◆ **WHAT YOU WILL DO**: Where a picture appears, leave it out, and transcribe all the lines below exactly.

--- DATA FOR THE TASK ---

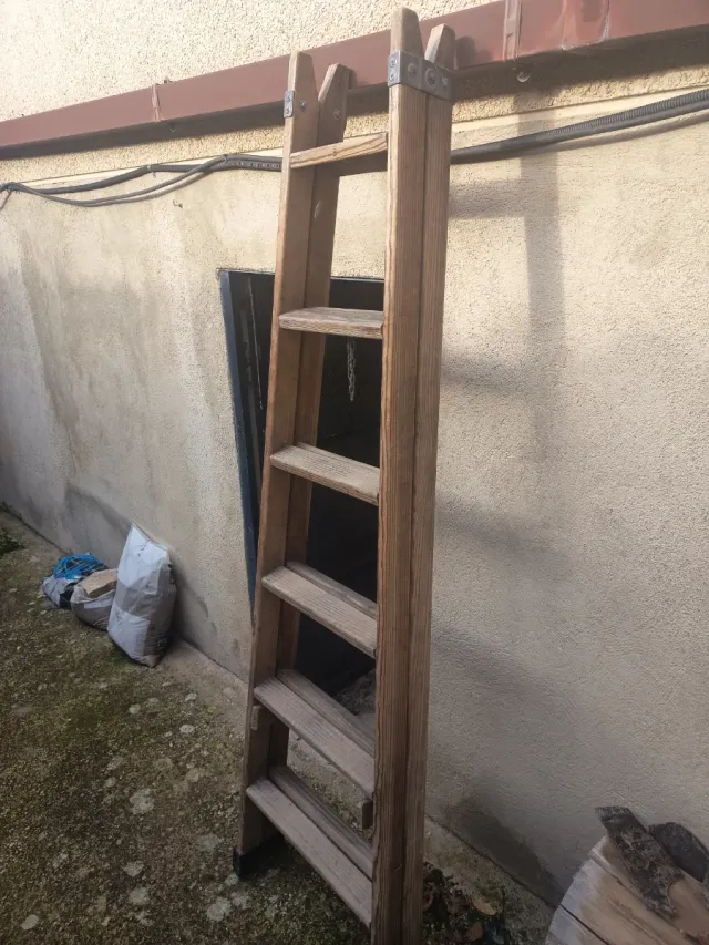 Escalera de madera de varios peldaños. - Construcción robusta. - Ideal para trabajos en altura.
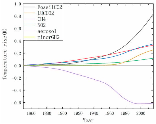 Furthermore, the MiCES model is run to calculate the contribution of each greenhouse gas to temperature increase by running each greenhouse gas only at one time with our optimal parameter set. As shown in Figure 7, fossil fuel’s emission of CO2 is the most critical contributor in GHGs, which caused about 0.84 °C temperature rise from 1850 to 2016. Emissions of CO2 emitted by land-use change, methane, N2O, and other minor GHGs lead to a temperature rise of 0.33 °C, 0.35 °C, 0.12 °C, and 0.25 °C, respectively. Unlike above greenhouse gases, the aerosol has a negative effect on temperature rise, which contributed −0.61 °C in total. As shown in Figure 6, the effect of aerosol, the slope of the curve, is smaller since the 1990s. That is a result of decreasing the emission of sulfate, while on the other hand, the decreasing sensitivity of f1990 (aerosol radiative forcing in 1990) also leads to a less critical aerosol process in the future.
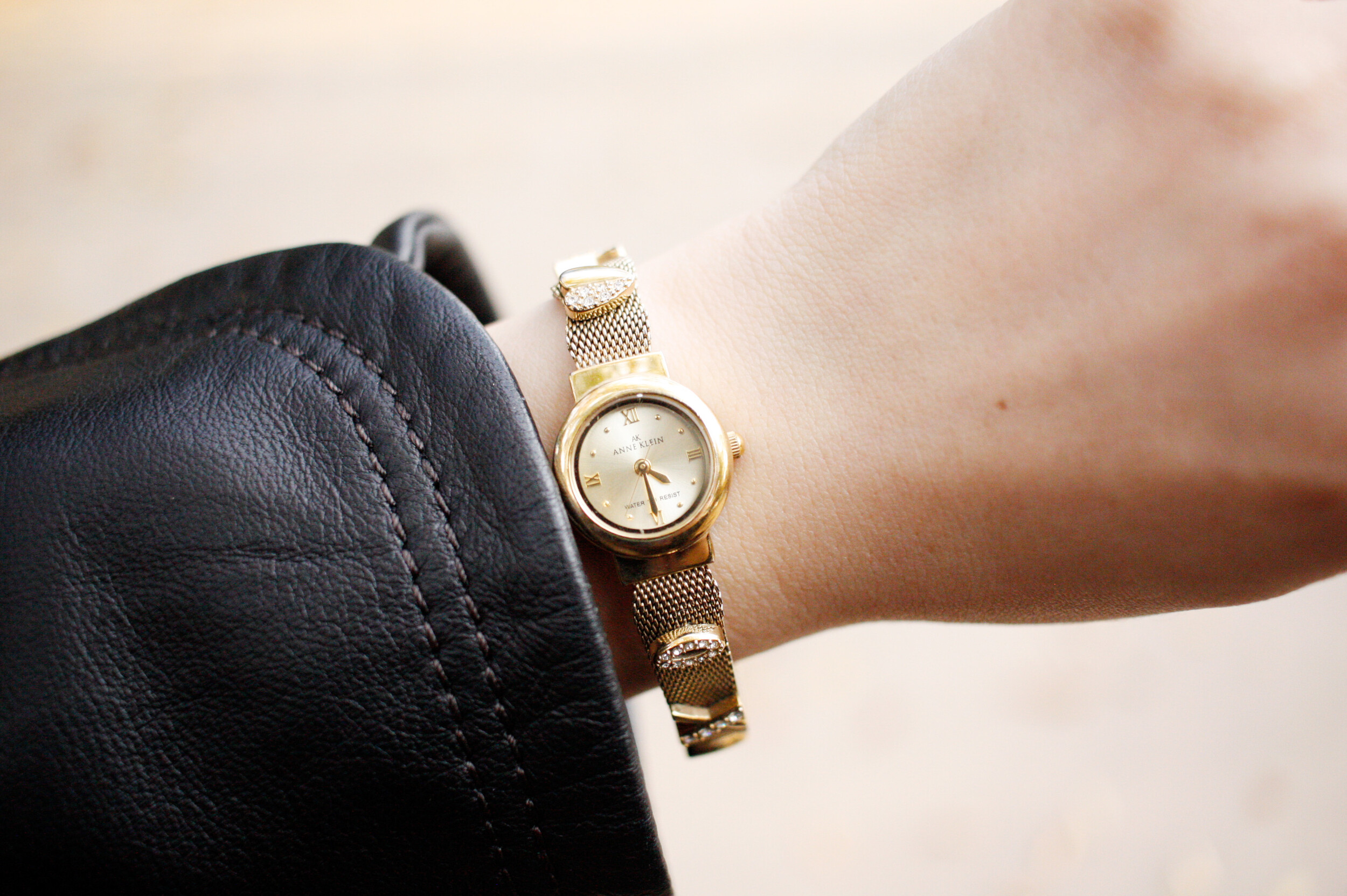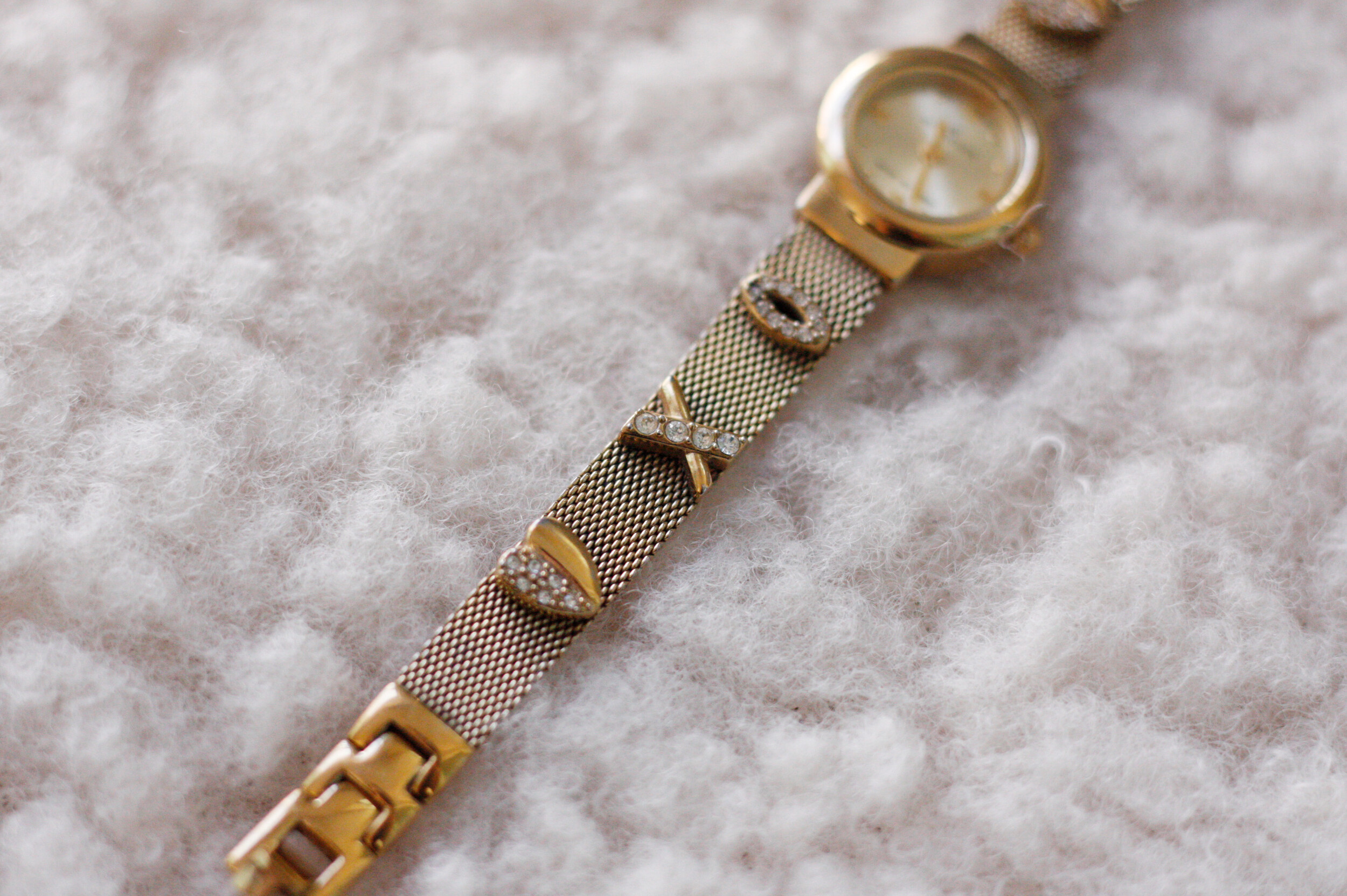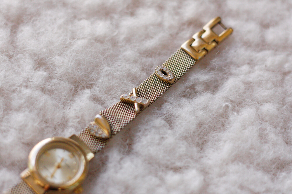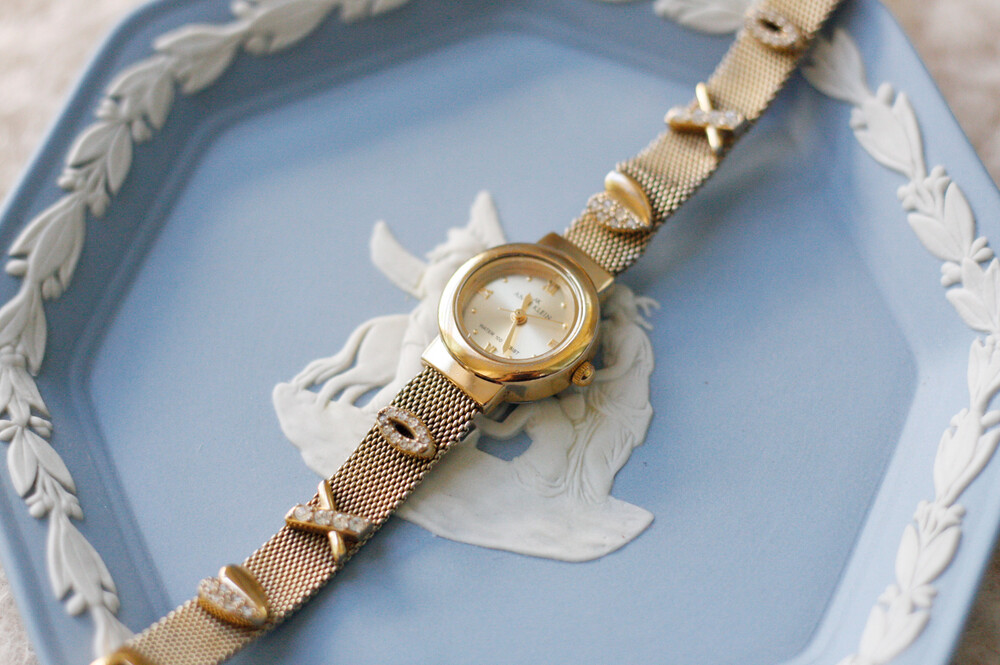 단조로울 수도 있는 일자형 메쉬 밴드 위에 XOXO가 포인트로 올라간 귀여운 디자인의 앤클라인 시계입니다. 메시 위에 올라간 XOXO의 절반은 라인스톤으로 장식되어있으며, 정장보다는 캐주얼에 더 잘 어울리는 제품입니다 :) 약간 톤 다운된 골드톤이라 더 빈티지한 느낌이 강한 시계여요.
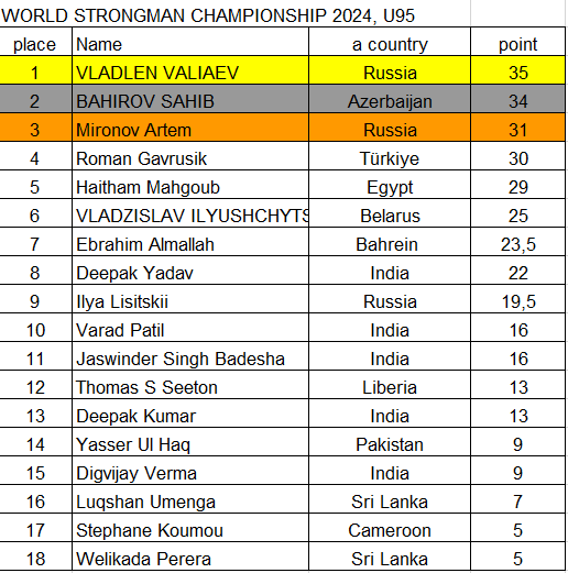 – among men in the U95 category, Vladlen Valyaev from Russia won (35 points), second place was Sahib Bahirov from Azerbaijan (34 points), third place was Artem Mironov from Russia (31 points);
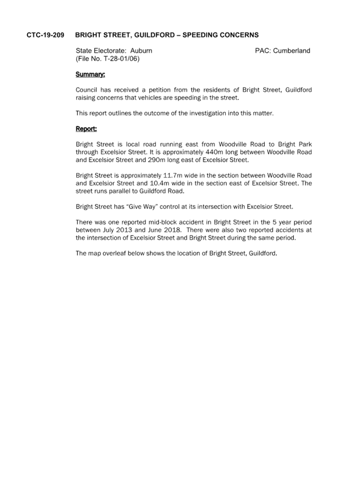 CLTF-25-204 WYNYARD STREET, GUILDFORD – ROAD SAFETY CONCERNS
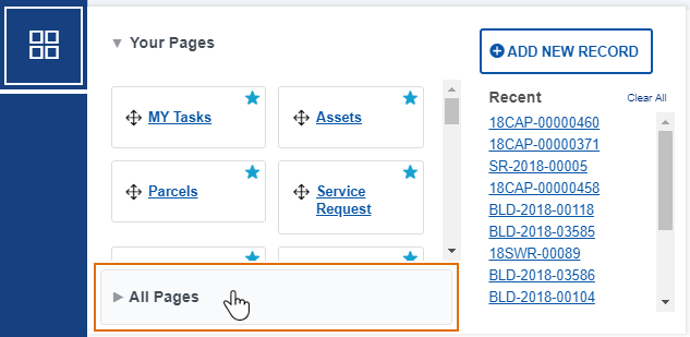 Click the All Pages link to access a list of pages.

---

◆ **ANSWER SECTION**:
 Escalera de madera de varios peldaños. - Construcción robusta. - Ideal para trabajos en altura.
 Furthermore, the MiCES model is run to calculate the contribution of each greenhouse gas to temperature increase by running each greenhouse gas only at one time with our optimal parameter set. As shown in Figure 7, fossil fuel’s emission of CO2 is the most critical contributor in GHGs, which caused about 0.84 °C temperature rise from 1850 to 2016. Emissions of CO2 emitted by land-use change, methane, N2O, and other minor GHGs lead to a temperature rise of 0.33 °C, 0.35 °C, 0.12 °C, and 0.25 °C, respectively. Unlike above greenhouse gases, the aerosol has a negative effect on temperature rise, which contributed −0.61 °C in total. As shown in Figure 6, the effect of aerosol, the slope of the curve, is smaller since the 1990s. That is a result of decreasing the emission of sulfate, while on the other hand, the decreasing sensitivity of f1990 (aerosol radiative forcing in 1990) also leads to a less critical aerosol process in the future.
 단조로울 수도 있는 일자형 메쉬 밴드 위에 XOXO가 포인트로 올라간 귀여운 디자인의 앤클라인 시계입니다. 메시 위에 올라간 XOXO의 절반은 라인스톤으로 장식되어있으며, 정장보다는 캐주얼에 더 잘 어울리는 제품입니다 :) 약간 톤 다운된 골드톤이라 더 빈티지한 느낌이 강한 시계여요.
 – among men in the U95 category, Vladlen Valyaev from Russia won (35 points), second place was Sahib Bahirov from Azerbaijan (34 points), third place was Artem Mironov from Russia (31 points);
 CLTF-25-204 WYNYARD STREET, GUILDFORD – ROAD SAFETY CONCERNS
 Click the All Pages link to access a list of pages.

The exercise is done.